I didn't know you had a talbotchi dog, that little black and tan I show is talbotchi dixi chick.
How did u pick ur affix? I still can't think of one!  
xxx


----------



## freedomchis (Jul 28, 2007)

Lol louise i know i got melody 2 years ago but she never made the grade and stays at home!!

My affix was hard too pick this was my 3rd name!! the two before i loved but i grew too love chantico too 
she is the goddess of a hearth fire and she ate on the day off a fast and was turned into a small dog so i loved the story (i shortened it down) so i loved the name of the goddess and i decided it was another name i would love and the kc decided i could have it!!


----------



## omguthrie (Oct 13, 2009)

I have:
Autumn Grace's Gruffydd (call name Griffin)
Carlie Grace (call name Carlie)
Hidden Valley Summer Solstice (call name Sol)
Autumn Grace's Stitch in Time (call name Lilo)
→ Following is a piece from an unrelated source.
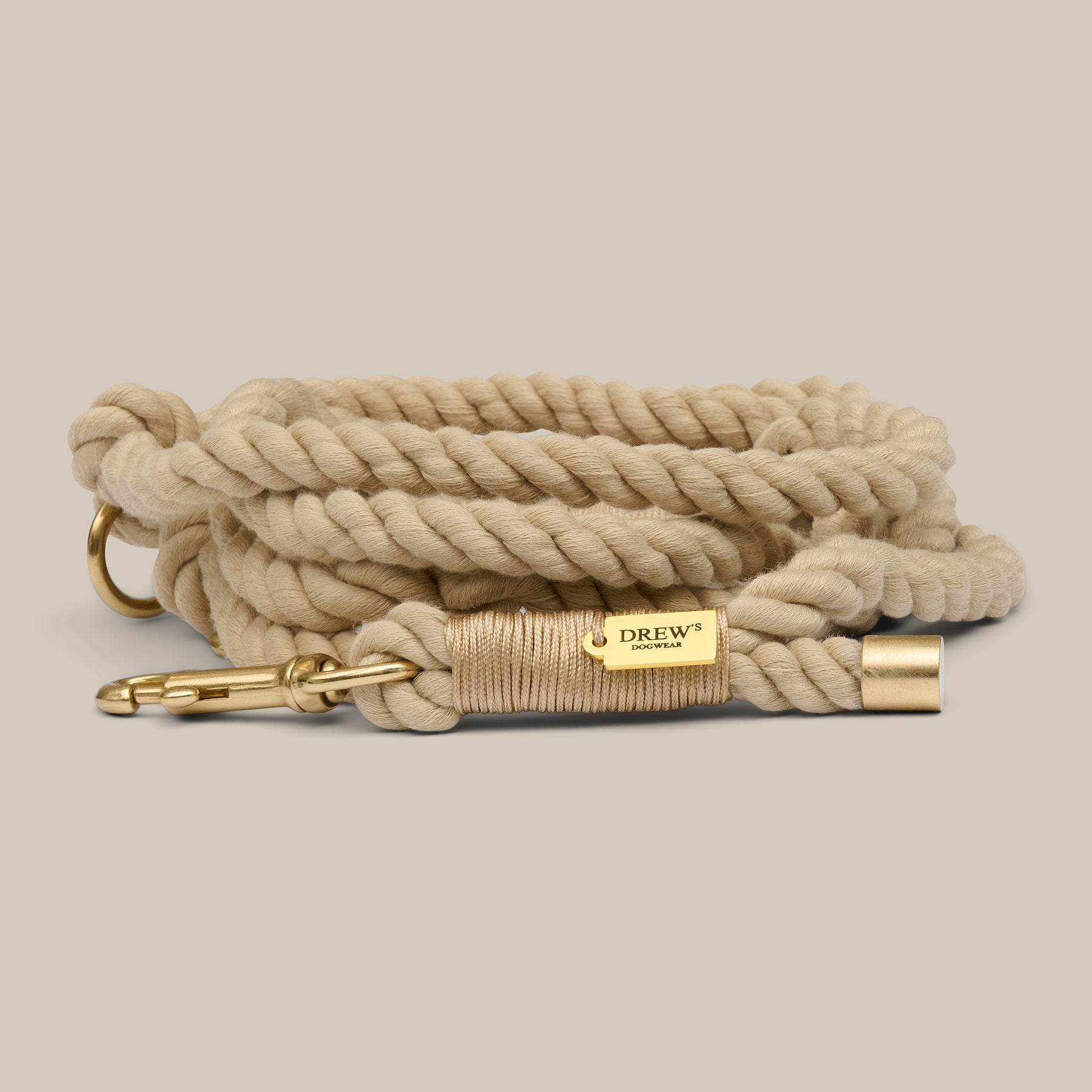 Hundesnoren i en smuk beige farve kan nemt bruges over skulderen, om taljen eller i hånden som en klassisk hunde snor.

Autumn Grace is my kennel name


----------



## TripleAChihuahuas (Apr 8, 2010)

Triple A Ricky Ricardo (Ricky)
Triple A Dreaming of California (Cali) we are orginaly for California =)


----------



## JRZL (Jul 10, 2009)

Jets is .... Prince sweep
Laylas is .... Karalee minnie mouse baby
Lucys is .... Spring delight? (I think that's what it is but I'm unsure)
I'm not sure about Roxy and Zoeys though. I will have to have a look. 
They were all named by their breeders.


----------



## Milosmummy (May 7, 2010)

Chersya Phil is Milos name but she said she had run out of good names for the other dogs!!!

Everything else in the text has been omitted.